僕は建造物の下に入り、なんとなく中心っぽい位置で肩幅に足を開いて立つ。
モルちゃんに視線を送ると、静かに頷き、ロイエちゃんはハラハラしながらこちらを見ていた。
もし、ここに救済の使徒って連中がいれば、名乗った瞬間に反応があるってことだ。
ええい、勢いに任せるしかないか。これまでの人生、大体勢いで生きてきたようなもんだからな!!

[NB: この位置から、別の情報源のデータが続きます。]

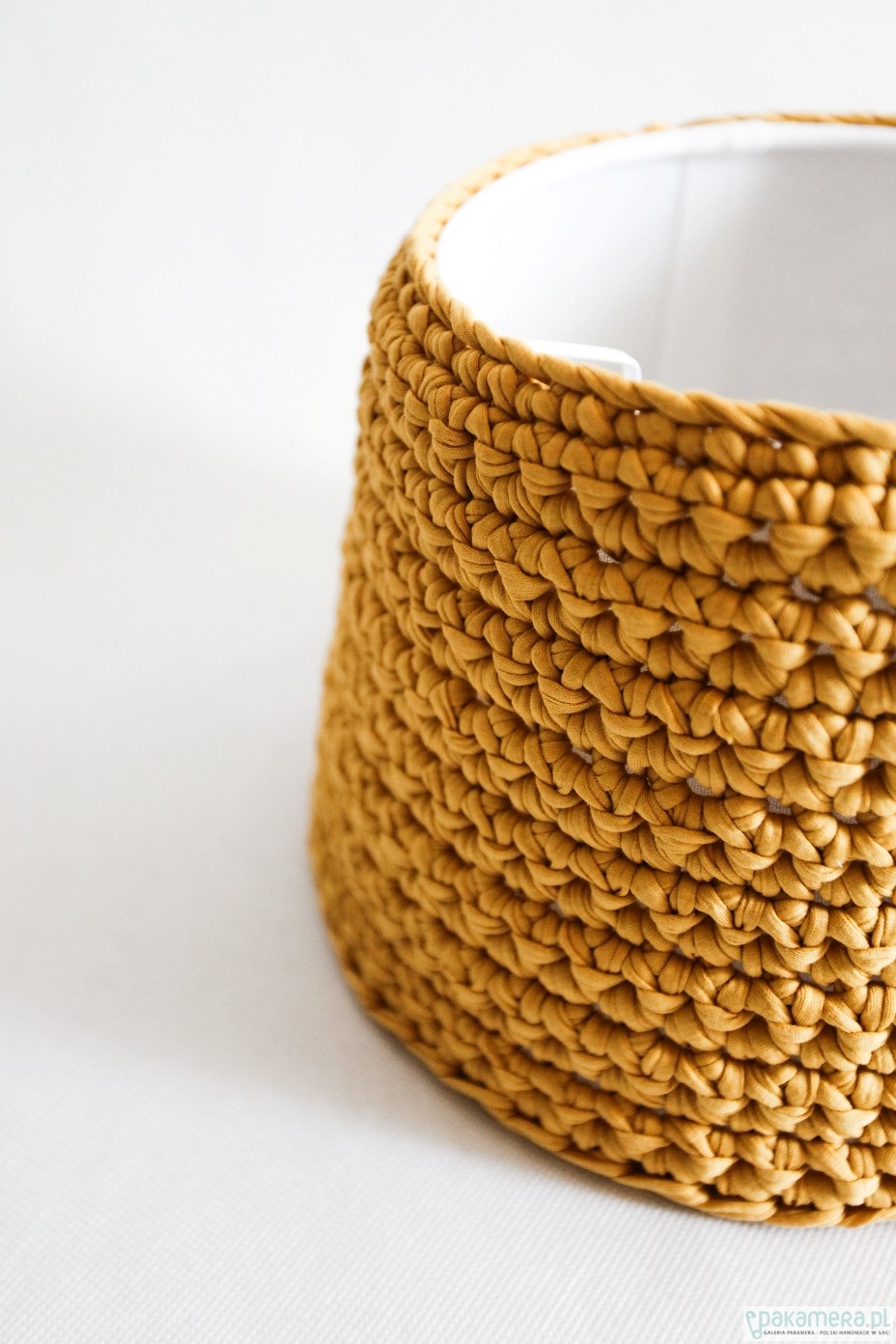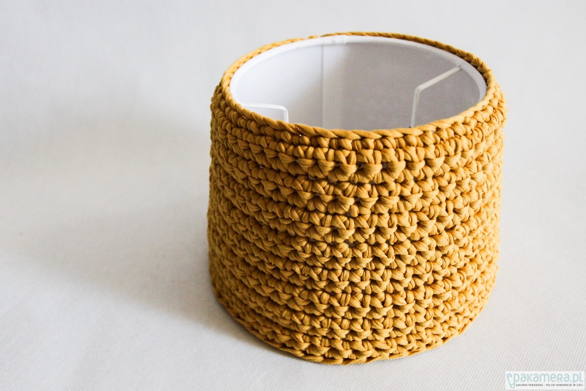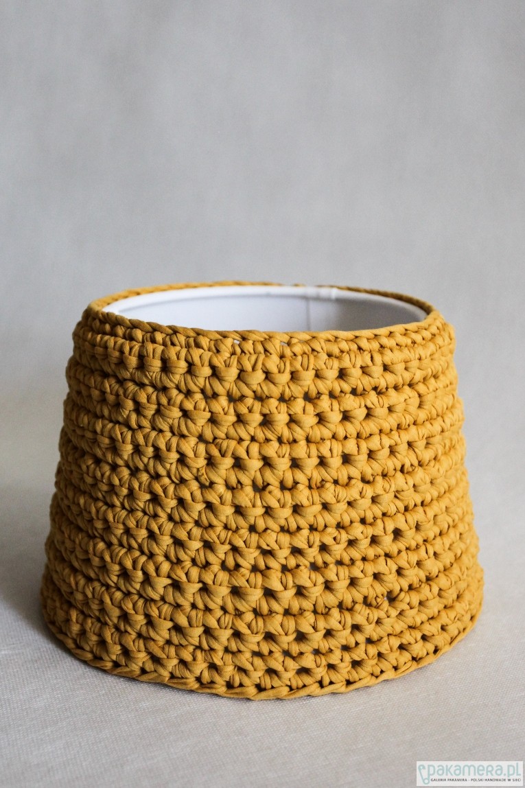 Abażur do lampki nocnej lub do salonu. Tak jak inne nasze akcesoria jest uniwersalny i pasuje do każdego wnętrza! Wystarczy dobrać odpowiedni kolor i gotowe! Materiał: Zpagetti (92% bawełny) Wymiary: średnica na górze 20 cm średnica na dole 25 cm wysokość: 17 cm Abażur można przymocować zarówno od góry jak i od dołu. Zastrzegamy, że kolory w rzeczywistości mogą się nieznacznie różnić od tych na zdjęciach (z powodu użytego sprzetu fotograficznego, oświetlenia, parametrów monitora itp)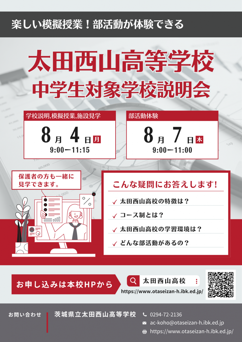 令和7年度 太田西山高等学校 夏の学校説明会実施について

「この戦場の連中に、報告がある!! 心して聞け!!」
柄にもなく大声を張り上げると喉が変になりそうだ。
そうだ。カラオケだと思え。明日は喉が潰れてもいい。その分、僕の手柄をアピールして、今度こそ豪遊してくれる!!
「僕こそが、新たな勇者だ!!!!」
そう叫んでみるが、戦場は変わらず静まり返っていた。
めっちゃ恥ずいんですけど。
「あの、モルちゃ――」
恨みがましくモルちゃんに抗議をしようとした、その瞬間だった。
「え?」
先程まで立っていたモルちゃん達の姿はなく、その代わりに大勢の白服を着た集団に取り囲まれていた。
連中はただ一点を見つめるようにこちらを見てくる。
すげぇキモい。
早いとこ、モルちゃん達と合流しないと――。
「……あ、すんません。僕用事あるんで、そいじゃ」
「ようやく会えましたね、災いの象徴」
「は?」
男の声。掠れていた不気味な声が耳元でささやかれると、次の瞬間にはもう、視界がブラックアウトしていた。